Markus J. Hofmann


2024

pdf bib
Individual Text Corpora Predict Openness, Interests, Knowledge and Level of Education
Markus J. Hofmann | Markus T. Jansen | Christoph Wigbels | Benny Briesemeister | Arthur M. Jacobs
Proceedings of the Workshop on Cognitive Aspects of the Lexicon @ LREC-COLING 2024

Here we examine whether the personality dimension of openness to experience can be predicted from the individual google search history. By web scraping, individual text corpora (ICs) were generated from 214 participants with a mean number of 5 million word tokens. We trained word2vec models and used the similarities of each IC to label words, which were derived from a lexical approach of personality. These IC-label-word similarities were utilized as predictive features in neural models. For training and validation, we relied on 179 participants and held out a test sample of 35 participants. A grid search with varying number of predictive features, hidden units and boost factor was performed. As model selection criterion, we used R2 in the validation samples penalized by the absolute R2 difference between training and validation. The selected neural model explained 35% of the openness variance in the test sample, while an ensemble model with the same architecture often provided slightly more stable predictions for intellectual interests, knowledge in humanities and level of education.

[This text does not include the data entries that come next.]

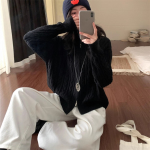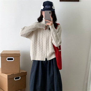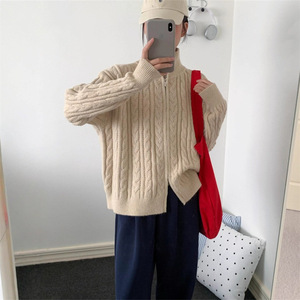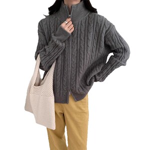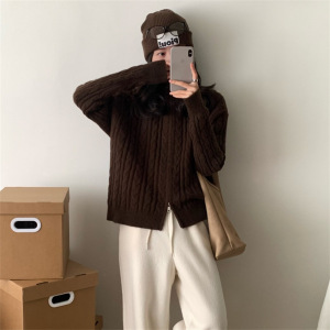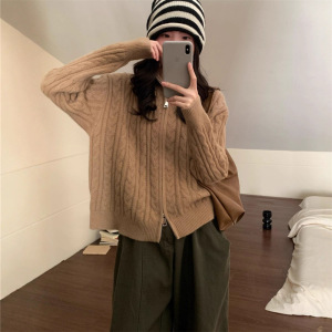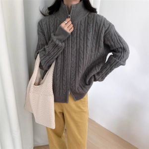 简约纯色麻花立领拉链毛衣外套女秋冬新款慵懒风宽松针织开衫上衣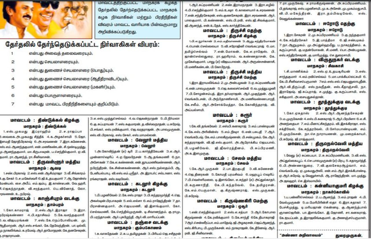 இந்த 21 மாநகராட்சிகளில் சென்னை, கோவை தவிர மற்ற மாநகர கழக தேர்தல் முடிவு இன்றைய முரசொலியில் வெளியாகியுள்ளது. இதில், ஆவடி மாநகர செயலாளராக பால்வளத்துறை அமைச்சர் ஆவடி நாசரின் மகன் ஆசிம் ராஜா தேர்ந்தேடுக்கப்பட்டுள்ளார். திருச்சி மாநகர செயலாளராக, திருச்சி மேயர் அன்பழகன் தேர்ந்தெடுக்கப்பட்டுள்ளார். தஞ்சாவூரில் சட்டமன்ற உறுப்பினர் நீலமேகம் பொறுப்பில் இருந்து விடுவிக்கப்பட்டு புதிதாக இளைஞரணியை சார்ந்த சண்.ராமநாதன் புதிய மாநகர செயலாளராக தேர்ந்தெடுக்கப்பட்டுள்ளார்.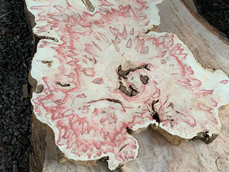 Extensive selection of rough-cut lumber including extremely unusual and large live-edge slabs; rough-cut planks in Cherry, Walnut, Maples, Sycamore, Hickory, Pine, and various softwoods, some firewood. Lots of pieces and extremely varied sale!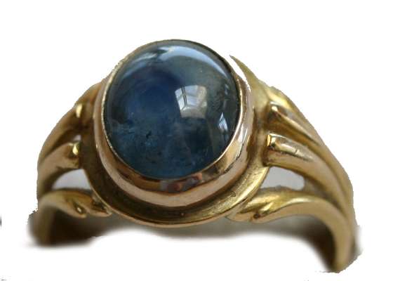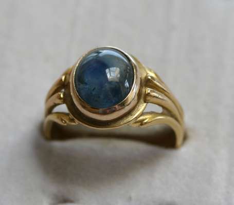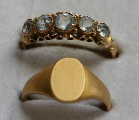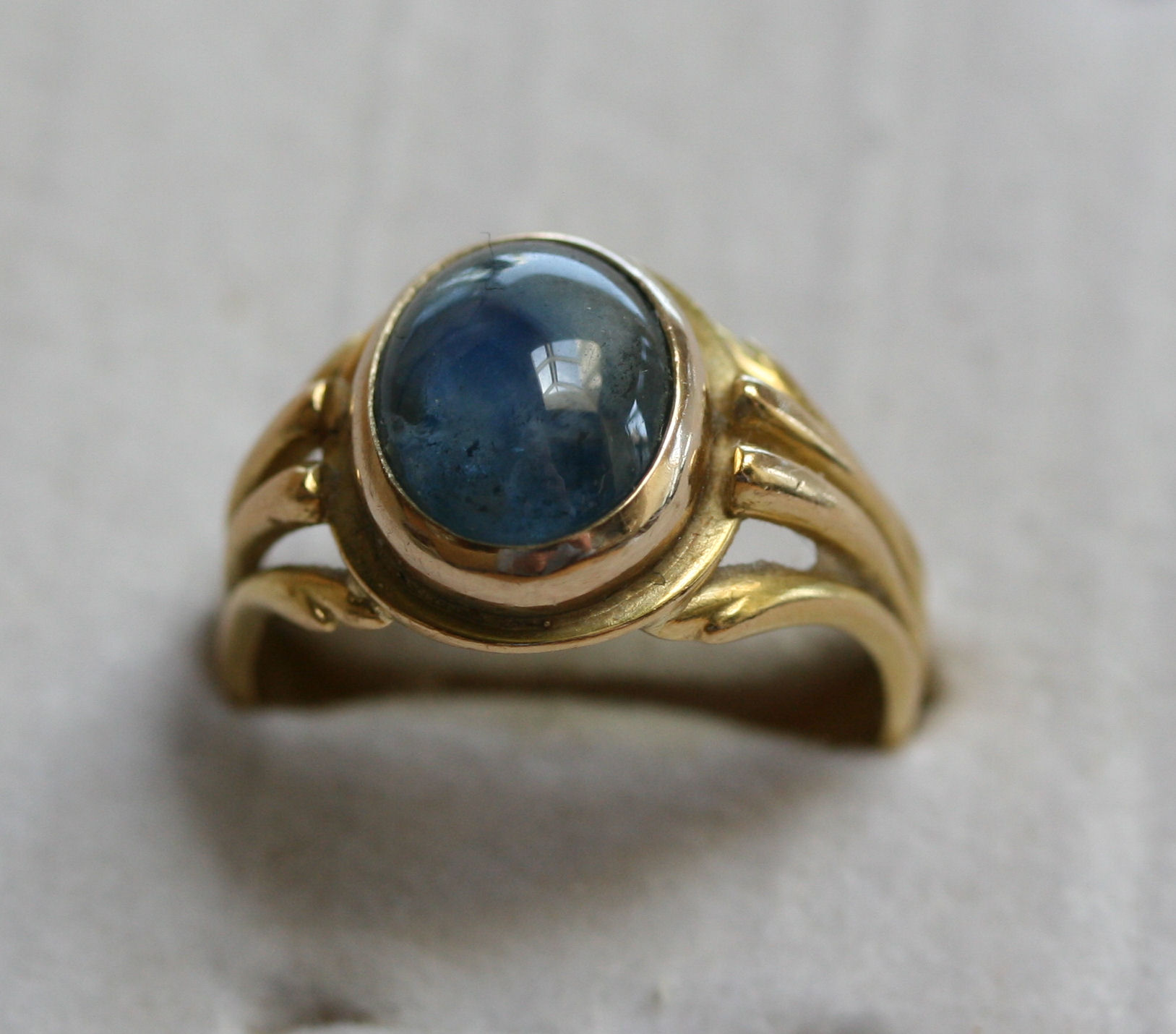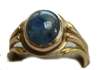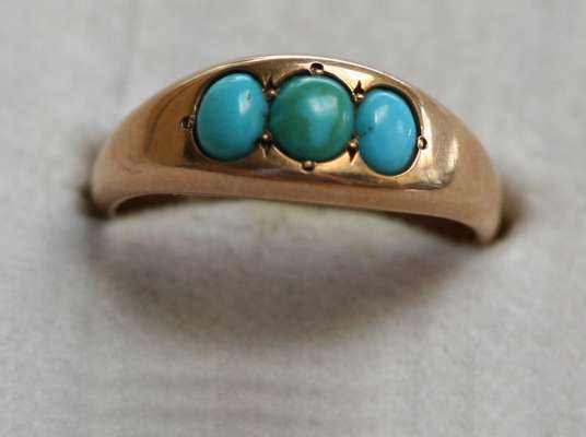 a sapphire cabochon ring, a ring set turquoises, another set pearl and turquoise, paste set ring, a signet ring (5)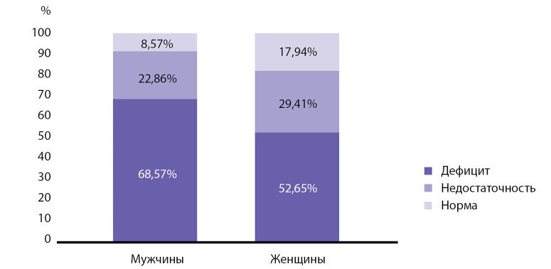 Согласно прошедшему в 2020 году исследованию у большинства граждан РФ наблюдается дефицит или недостаточность витамина D. Вот такую диаграмму можно посмотреть для наглядности. Надо признать, что проблема не просто существует, а вероятно касается каждого из нас. Даже если лично у меня, или лично у вас, нет недостатка в витамине D, скорее всего он есть у близких и родных людей. А значит, касается нас. Чем опасен недостаток витамина D При недостатке, а тем более дефиците витамина D: Подробнее можно почитать: Тут я хочу заострить внимание на одном важном моменте. Дефицит витамина Dпровоцирует некоторые болезни. Но сам по себе витамин D – не лечит. Не стоит воспринимать витамины, как лекарство. Витамины – не лекарство, это просто необходимый компонент пищи. Если витаминов поступает достаточное количество, то организм работает нормально. В том числе нормально болеет, если можно так выразиться. А вот при дефиците начинаются сбои в работе организма. Нормы потребления витамина D Если измерять в
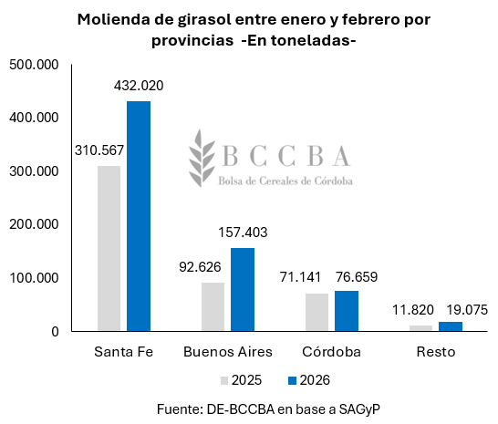 En cuanto a la molienda de la oleaginosa, como consecuencia del buen panorama productivo es de esperar que se observe mayor volumen. En este sentido, SAGyP estima que se industrializarán alrededor de 6 millones de toneladas durante el ciclo comercial 2025/26, un incremento interanual del 27% en el volumen total. A su vez, entre enero y febrero, ya han sido transformadas alrededor de 685.000 toneladas, registrándose una mayor molienda respecto al año previo en prácticamente todas las provincias que industrializan girasol.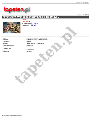 Informacje o produkcie Utworzono 04-03-2017 FOTOTAPETA AVENGERS STREET RAGE 8-432 MARVEL Cena : 167,87 zł AVENGERS STREET RAGE MARVEL Producent: KOMAR Wymiar: 368 X 254 cm 8 - elementów Rodzaj fototapety: Papierowa Zalecany klej: w komplecie 24 - 72 h ta Realizacja: pe te n Kolekcja: .p l Nr katalogowy : 8-432 Producent : KOMAR Wygenerowano w programie www.oscGold.com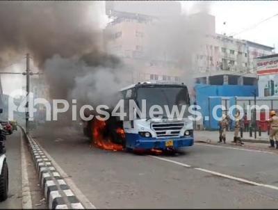 Event Description : A Bangalore Metropolitan Transport Corporation (BMTC) bus caught fire on Tuesday morning near Anil Kumble Junction, no passengers or crew members were injured in the incident, in Bengaluru on Tuesday 9th July 2024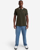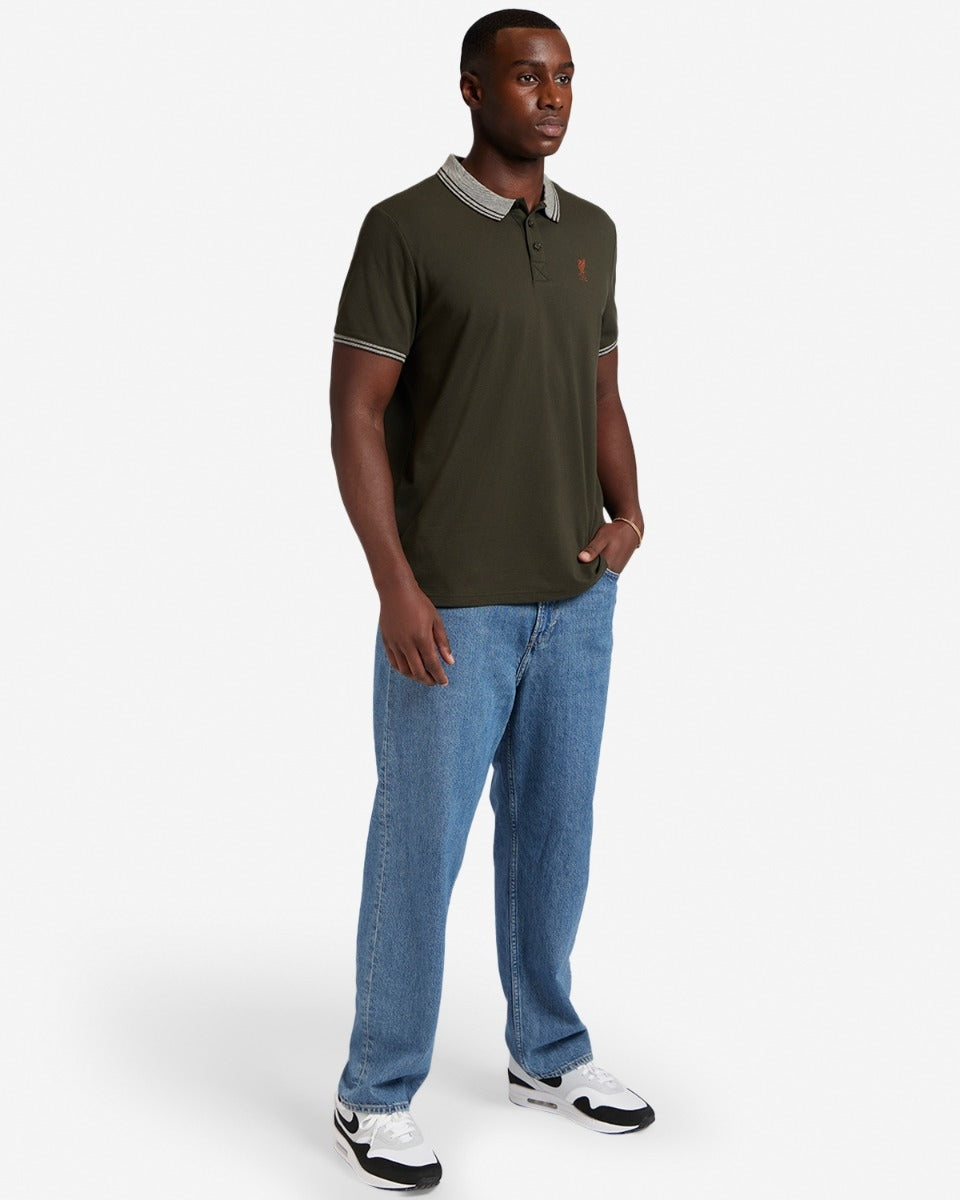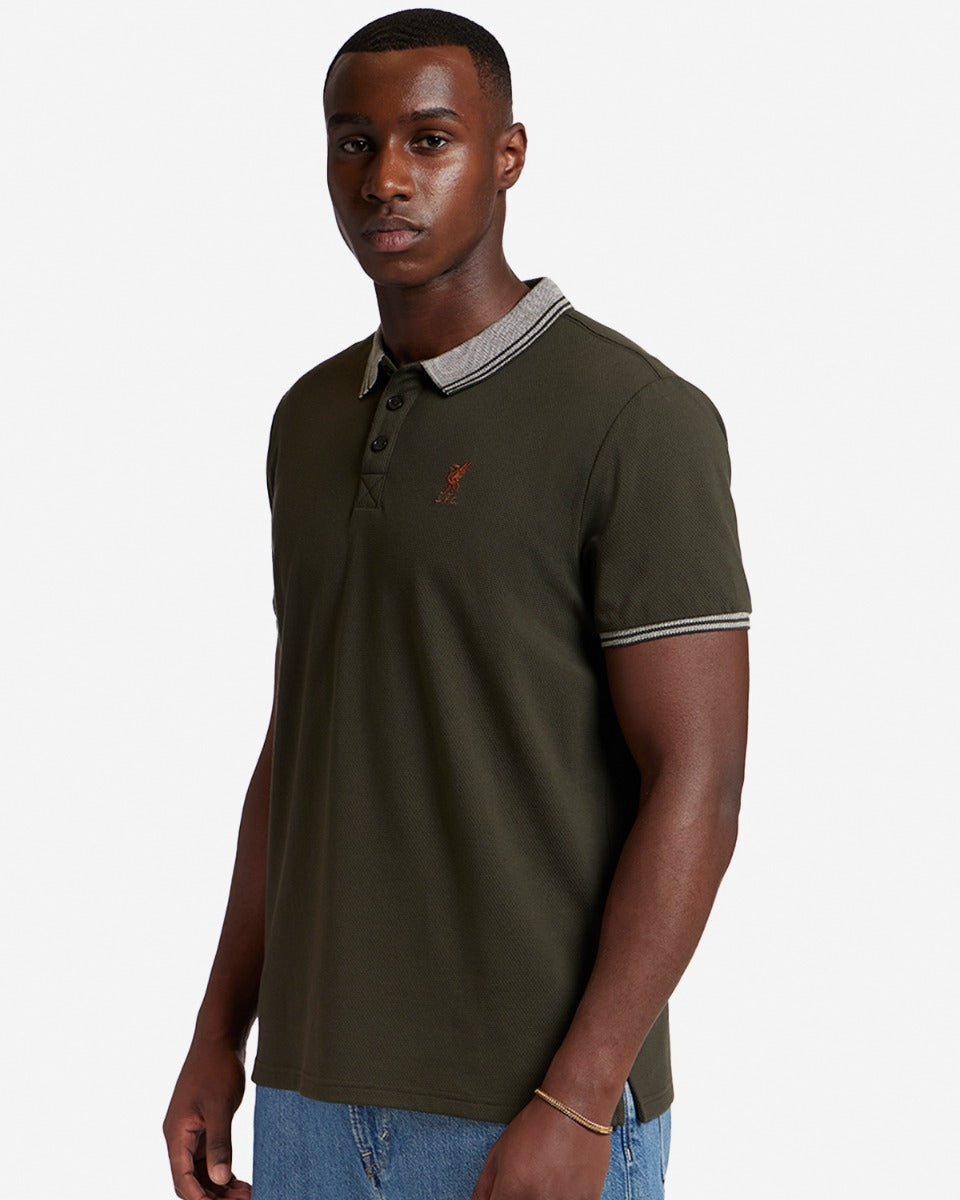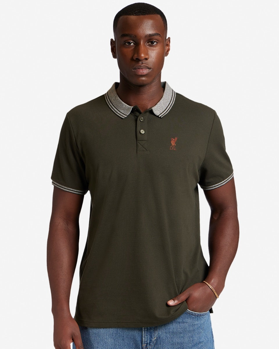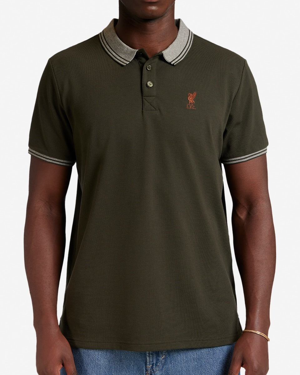 - قميص بولو رجالي من قماش الكاكي مع تطريز LFC Liverbird على الصدر الأيسر.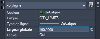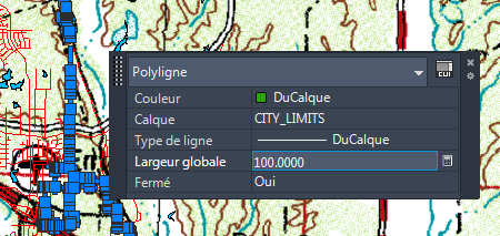 Cet exercice consiste à modifier la largeur de la polyligne représentant les limites de la ville. Les limites de la ville seront alors plus visibles dans le dessin. Vous allez ensuite délimiter l'image pour n'afficher que la partie rectangulaire qui entoure la ville.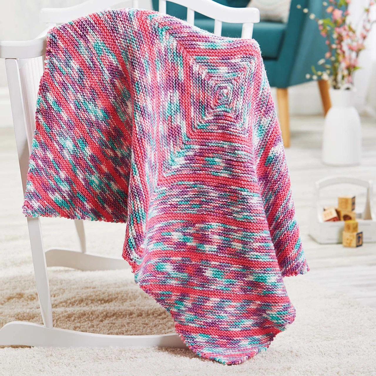 Luminous pink and a coordinating variegated yarn modernize the classic baby aesthetic with a bold new look. Kit includes Herrschners Worsted 8 Baby Yarn and easy knit instructions. 34 × 34″ (86 x 86cm). Imported.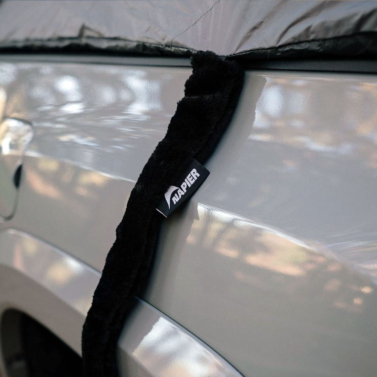 スポーツストラッププロテクターはトラックテントを組み付ける際に、テントストラップによる車体へのスリ傷を防ぐ。毛羽立った表面が滑らかにスライドして、ボディーを傷つけることなく組み付けできる。ネイピア トラックテント全モデルに使用可能。内容: 6本入り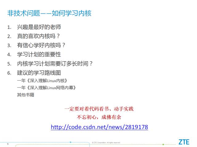 中兴通讯研发人员有几万人,部门结构特别复杂,我们也不可能自己去写一个Linux的操作系统,一般都是将Linux用起来就行。做内核的人就是给各个产品线上做Linux技术支持,做技术支持时非常重要的一点就是要搞清楚组织对象、人员关系和职责,搞清楚以后才会知道你协调资源的时候找谁,谁说了算。你看《红楼梦》一书《葫芦僧判断葫芦案》一节,有个门子,一上来就说我到某个地方去,一定要把地方上所有家族和当官的关系搞清楚。你们到公司里面去上班的时候,这一点也是非常重要的,特别是大公司,你一定要知道服务对象的组织关系和人员职责。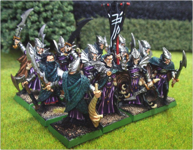 | みしんさんのコメント このコルセアは、自分が塗ったダークエルフの親衛隊第一号です。顔の肌がもうちょっと良ければよっかたと思います。 12体では、役にたたないのであと8体つくるつもりです。 Rmanのコメント 見た瞬間に「うっわ!かっこえぇ〜!」って思いました。マジで。 コルセアってDEの中でも特に造形が凝ってますよね。 顔のペイントも、すごく良い感じだと思います。チャンピオンの表情、これがいいですねぇ。意志を感じさせます。 確かに12体ではちょっと物足りないかも。ぜひとも残り8体の製作も頑張ってください! |

Finally, a learning curve analysis suggested that around 500 training participants are required for generalizable predictions. We discuss ICs as a complement or replacement of survey-based psychodiagnostics.

2020

pdf bib
Individual corpora predict fast memory retrieval during reading
Markus J. Hofmann | Lara Müller | Andre Rölke | Ralph Radach | Chris Biemann
Proceedings of the Workshop on the Cognitive Aspects of the Lexicon

The corpus, from which a predictive language model is trained, can be considered the experience of a semantic system. We recorded everyday reading of two participants for two months on a tablet, generating individual corpus samples of 300/500K tokens. Then we trained word2vec models from individual corpora and a 70 million-sentence newspaper corpus to obtain individual and norm-based long-term memory structure. To test whether individual corpora can make better predictions for a cognitive task of long-term memory retrieval, we generated stimulus materials consisting of 134 sentences with uncorrelated individual and norm-based word probabilities. For the subsequent eye tracking study 1-2 months later, our regression analyses revealed that individual, but not norm-corpus-based word probabilities can account for first-fixation duration and first-pass gaze duration. Word length additionally affected gaze duration and total viewing duration. The results suggest that corpora representative for an individual’s long-term memory structure can better explain reading performance than a norm corpus, and that recently acquired information is lexically accessed rapidly.